Since a well written parallel reduction is a memory bandwidth constrained code on GPUs, the speed difference between your GPU and my GPU makes sense.

So I would say your results are probably about what is expected, and to get better results you will probably need a faster GPU.

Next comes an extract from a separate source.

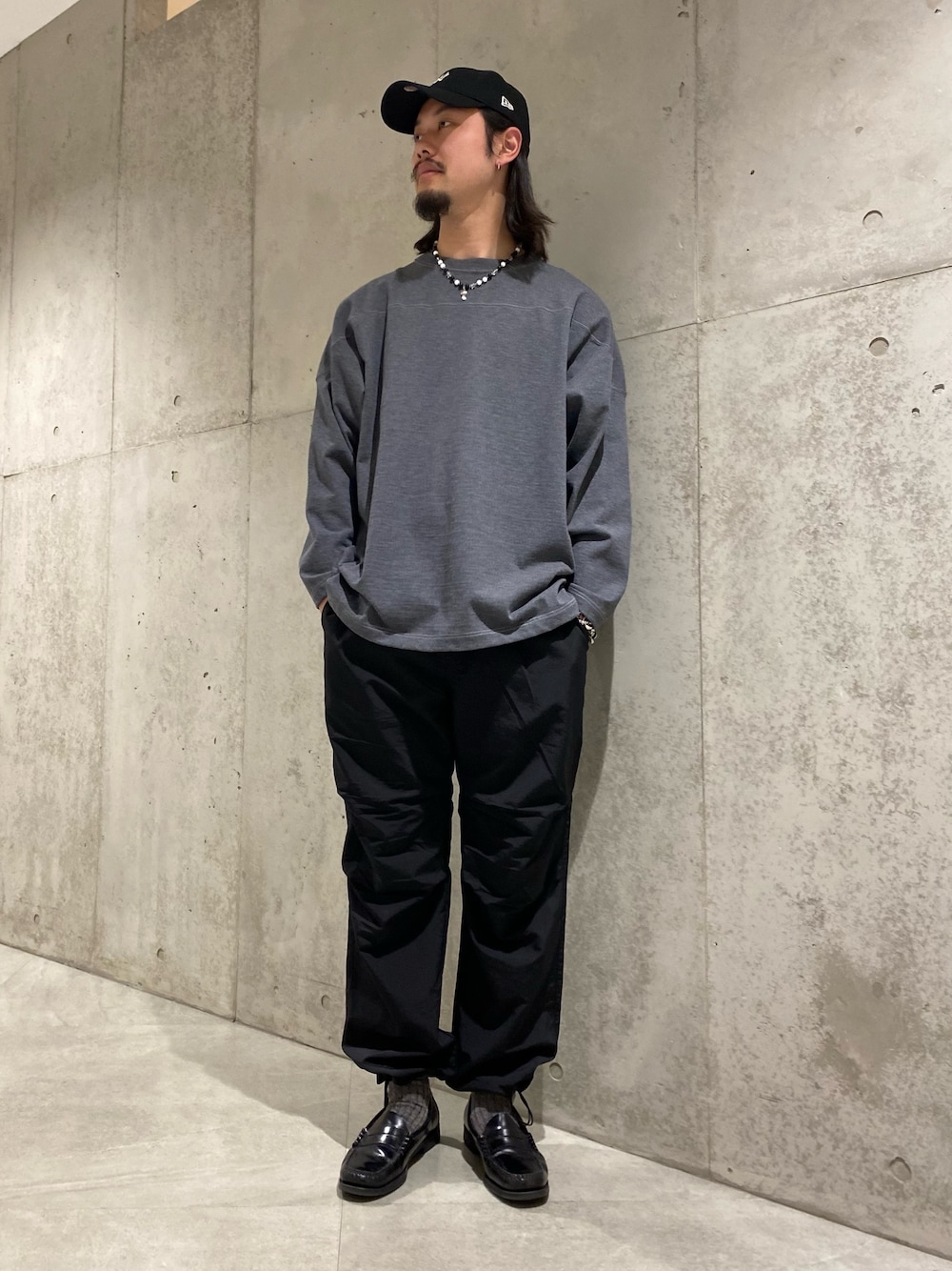 ご覧いただきありがとうございます! 全身モノトーンのアイテムでコーディネート組んでみました。 若干暑苦しい印象ですが、このくらいリラックスしたムードのモノトーンは大人っぽくもありオススメです◎ mocTのFOOTBALL T-SHIRTSは今の所今期ベストバイなので是非皆様お試しください^_^

Also, if your GT540M is also hosting an X display, it's possible that the GPU timing is corrupted by display activity. If we are timing a single kernel, this is not normally an issue - the kernel execution interrupts the display processing briefly. But when we are timing a sequence of kernels in succession, it's possible for the display tasks to jump in and execute in-between kernel calls (the GPU is multi-tasking when it is asked to both support a display and also process CUDA code). Therefore, this may be a possible performance impact in your case as well.